§ TASK REQUIREMENTS
From the listing below, reproduce exactly the lines starting with the one with "EN ESTA gráfica" and going on through the one with "गोशंकर प्रयाग की", both ends kept. No picture is copied.

§ DATA FOR THIS TASK
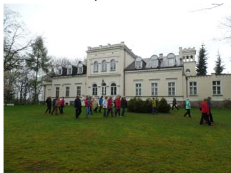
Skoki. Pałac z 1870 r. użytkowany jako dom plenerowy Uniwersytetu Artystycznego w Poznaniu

---

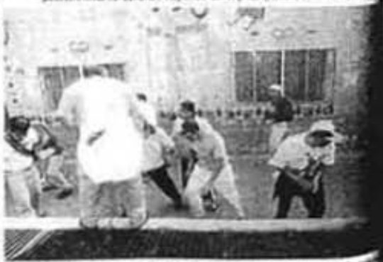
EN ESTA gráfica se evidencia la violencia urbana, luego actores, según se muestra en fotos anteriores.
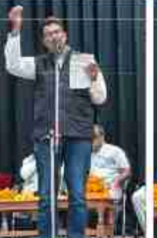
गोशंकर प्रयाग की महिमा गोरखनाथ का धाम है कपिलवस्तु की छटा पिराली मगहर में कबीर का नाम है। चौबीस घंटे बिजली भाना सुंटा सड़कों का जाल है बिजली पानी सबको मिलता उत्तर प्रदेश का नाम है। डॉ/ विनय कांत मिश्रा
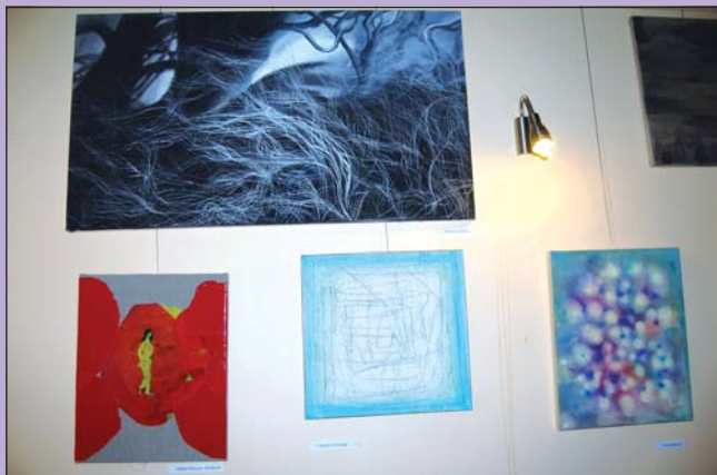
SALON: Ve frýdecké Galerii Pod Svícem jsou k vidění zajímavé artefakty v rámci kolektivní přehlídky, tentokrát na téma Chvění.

§ WRITTEN ANSWER
EN ESTA gráfica se evidencia la violencia urbana, luego actores, según se muestra en fotos anteriores.
गोशंकर प्रयाग की महिमा गोरखनाथ का धाम है कपिलवस्तु की छटा पिराली मगहर में कबीर का नाम है। चौबीस घंटे बिजली भाना सुंटा सड़कों का जाल है बिजली पानी सबको मिलता उत्तर प्रदेश का नाम है। डॉ/ विनय कांत मिश्रा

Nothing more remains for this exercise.